The rules of Belgium’s top divisions, with their interminable play-offs, have never been easy to understand. But never fear, they are changing again. This season, the number of professional clubs in the country will decrease from 34 to 24. This change has been pushed through by the Pro League, who want to avoid clubs falling into financial difficulties. There will be stricter rules for clubs applying for a professional licence and they must prove they have financial backing to ensure long-term survival.
In practical terms, this means there are still 16 clubs in the top flight, but just eight in the second tier.
As is the vogue for misleading names for leagues, they will be called League 1A and League 1B – with the latter being the second tier. At the end of the regular season there will, of course, be play-offs involving all the professional clubs with the exception of the bottom club in League 1A, who will be relegated and have a couple of months rest.
Although, the structure of the professional game has changed, it will be “business as usual” this term with the usual suspects – Anderlecht, Club Brugge, Genk, Gent and Standard Liege – challenging for honours.
Last season, Michel Preud’homme’s Club Brugge took the title as they were the only club to show any kind of consistency. During the summer it was agreed that Preud’homme would become manager of the club in the more English tradition, with added input on transfers and less time actually coaching, and it will be an interesting to see how that develops.
Anderlecht were runners-up last season and the Brussels club’s failure to win the title for two successive seasons inevitably led to the demise of coach Besnik Hasi. He has been replaced by Swiss coach Rene Weiler, who moves from German second-tier club Nuremburg.
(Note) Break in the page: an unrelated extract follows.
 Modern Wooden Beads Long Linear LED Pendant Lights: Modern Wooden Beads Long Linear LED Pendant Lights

Rather like the national side, Anderlecht resemble a bunch of individuals who need to be moulded into a team and Weiler could be the man to do just that.
Gent took third spot last time out, which was a disappointment following the signing of Mbark Boussoufa in the winter transfer window. But it was his arrival that caused the problem as coach Hein Vanhaezebrouck had created a team without stars and the Moroccan playmaker – returning from Russia on loan – disrupted the harmony in the title-holders’ dressing room. Vanhaezebrouck had not wanted the player and they were never the same again with Gent fading away and taking just 12 points from 10 games in the play-offs.
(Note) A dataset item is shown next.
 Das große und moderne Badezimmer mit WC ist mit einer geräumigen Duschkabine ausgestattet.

During the summer, Gent lost keeper Matz Sels to Newcastle United and captain Sven Kums could be on this way too, and with Vanhaezebrouck and the club management seemingly not on the same wavelength, they could struggle this season.
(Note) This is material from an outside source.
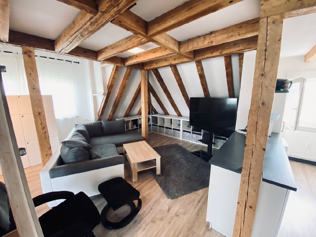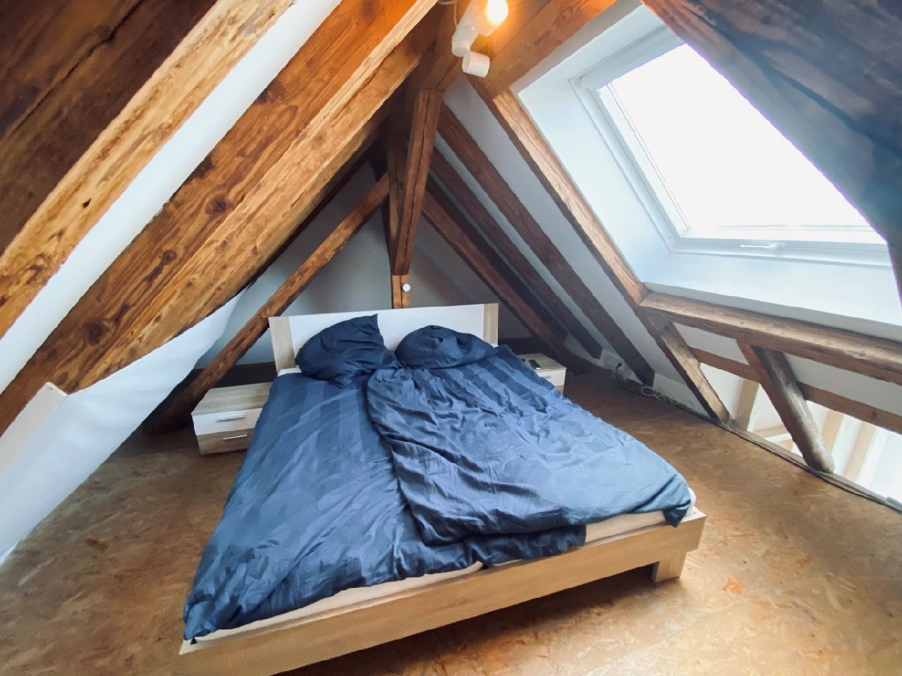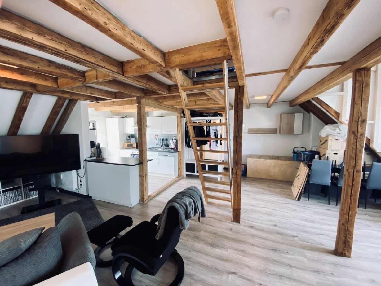 In fußläufiger Nähe zum Bahnhof wurde dieses 6-Familienhaus völlig neu gestaltet. So entstand im Dachgeschoss ein Loft. Ein großer Raum, alles offen - außer natürlich das Bad. Das Tageslichtbad ist mit Dusche und sogar mit einem Bidet ausgestattet. Eine Treppe führt in den offenen Spitzboden, hier steht das Bett.

Genk almost caught Gent during the play-offs and coach Peter Maes has a talented young side. They are certainly the team to watch this season, with the only problem being the number of Premier League clubs buzzing around the stadium. They have already lost Christian Kabasele to Watford and some of the younger talents could following him out of the door.
Standard Liege missed the play-offs last term as they went through yet another transitional season. They should have some stability now as the squad has remained more or less the same, with useful acquisitions in Jean-Francois Gillet and Ibrahima Cisse, both of whom have played for the club before. This will be coach Yannick Ferrera’s first full season and all eyes will be on Daniel Van Buyten, who is having an impact at the club in a quasi “technical advisor” role.
These five clubs should make the play-offs and are likely to be joined by Oostende, who had an impressive season under Marc Coucke, the CEO of Omega Pharma, and coach Yves Vanderhaeghe. Oostende have signed keeper Silvio Proto from Anderlecht and young centre-back Mathias Bossaerts from Manchester City, who was once hailed as the “next big thing”.
The season started on July 29 and will finish in May 2017.
Early key games include Club Brugge v Standard Liege (August 28) and Club Brugge v Anderlecht (October 23).